• [Task statement]
Line by line, copy the records below exactly.

[Data excerpts]
+ + + + + + +

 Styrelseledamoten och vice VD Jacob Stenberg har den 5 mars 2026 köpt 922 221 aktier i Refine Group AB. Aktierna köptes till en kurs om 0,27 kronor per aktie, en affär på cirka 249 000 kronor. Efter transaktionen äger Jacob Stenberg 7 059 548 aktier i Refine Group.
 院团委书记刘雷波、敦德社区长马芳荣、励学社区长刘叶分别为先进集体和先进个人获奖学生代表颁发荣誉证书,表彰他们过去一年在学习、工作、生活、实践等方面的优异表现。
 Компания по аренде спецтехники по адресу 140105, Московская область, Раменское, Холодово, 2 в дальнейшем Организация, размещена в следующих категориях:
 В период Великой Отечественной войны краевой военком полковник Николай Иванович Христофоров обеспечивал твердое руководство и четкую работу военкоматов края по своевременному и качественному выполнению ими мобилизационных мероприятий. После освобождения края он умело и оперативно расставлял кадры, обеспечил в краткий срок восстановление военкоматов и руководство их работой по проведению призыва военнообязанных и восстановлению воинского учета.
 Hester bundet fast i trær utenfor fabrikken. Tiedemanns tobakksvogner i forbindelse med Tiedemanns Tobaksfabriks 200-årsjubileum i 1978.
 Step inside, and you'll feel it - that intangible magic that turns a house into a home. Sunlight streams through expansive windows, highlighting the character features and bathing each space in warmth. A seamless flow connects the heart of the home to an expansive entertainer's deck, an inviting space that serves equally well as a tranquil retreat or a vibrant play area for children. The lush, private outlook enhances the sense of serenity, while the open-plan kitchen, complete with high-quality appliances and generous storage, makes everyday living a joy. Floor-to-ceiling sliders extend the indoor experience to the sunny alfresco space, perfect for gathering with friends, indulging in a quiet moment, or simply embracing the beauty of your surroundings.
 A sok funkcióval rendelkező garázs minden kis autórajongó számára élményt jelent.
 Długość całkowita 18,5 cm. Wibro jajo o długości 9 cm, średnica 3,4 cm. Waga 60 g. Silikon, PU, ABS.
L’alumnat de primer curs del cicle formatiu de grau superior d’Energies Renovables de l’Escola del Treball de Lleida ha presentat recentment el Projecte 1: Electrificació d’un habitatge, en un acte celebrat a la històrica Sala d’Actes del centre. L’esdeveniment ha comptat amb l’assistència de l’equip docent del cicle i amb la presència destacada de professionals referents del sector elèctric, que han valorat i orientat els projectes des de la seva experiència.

+ + + + + + +

• [Solution]
 Styrelseledamoten och vice VD Jacob Stenberg har den 5 mars 2026 köpt 922 221 aktier i Refine Group AB. Aktierna köptes till en kurs om 0,27 kronor per aktie, en affär på cirka 249 000 kronor. Efter transaktionen äger Jacob Stenberg 7 059 548 aktier i Refine Group.
 院团委书记刘雷波、敦德社区长马芳荣、励学社区长刘叶分别为先进集体和先进个人获奖学生代表颁发荣誉证书,表彰他们过去一年在学习、工作、生活、实践等方面的优异表现。
 Компания по аренде спецтехники по адресу 140105, Московская область, Раменское, Холодово, 2 в дальнейшем Организация, размещена в следующих категориях:
 В период Великой Отечественной войны краевой военком полковник Николай Иванович Христофоров обеспечивал твердое руководство и четкую работу военкоматов края по своевременному и качественному выполнению ими мобилизационных мероприятий. После освобождения края он умело и оперативно расставлял кадры, обеспечил в краткий срок восстановление военкоматов и руководство их работой по проведению призыва военнообязанных и восстановлению воинского учета.
 Hester bundet fast i trær utenfor fabrikken. Tiedemanns tobakksvogner i forbindelse med Tiedemanns Tobaksfabriks 200-årsjubileum i 1978.
 Step inside, and you'll feel it - that intangible magic that turns a house into a home. Sunlight streams through expansive windows, highlighting the character features and bathing each space in warmth. A seamless flow connects the heart of the home to an expansive entertainer's deck, an inviting space that serves equally well as a tranquil retreat or a vibrant play area for children. The lush, private outlook enhances the sense of serenity, while the open-plan kitchen, complete with high-quality appliances and generous storage, makes everyday living a joy. Floor-to-ceiling sliders extend the indoor experience to the sunny alfresco space, perfect for gathering with friends, indulging in a quiet moment, or simply embracing the beauty of your surroundings.
 A sok funkcióval rendelkező garázs minden kis autórajongó számára élményt jelent.
 Długość całkowita 18,5 cm. Wibro jajo o długości 9 cm, średnica 3,4 cm. Waga 60 g. Silikon, PU, ABS.
L’alumnat de primer curs del cicle formatiu de grau superior d’Energies Renovables de l’Escola del Treball de Lleida ha presentat recentment el Projecte 1: Electrificació d’un habitatge, en un acte celebrat a la històrica Sala d’Actes del centre. L’esdeveniment ha comptat amb l’assistència de l’equip docent del cicle i amb la presència destacada de professionals referents del sector elèctric, que han valorat i orientat els projectes des de la seva experiència.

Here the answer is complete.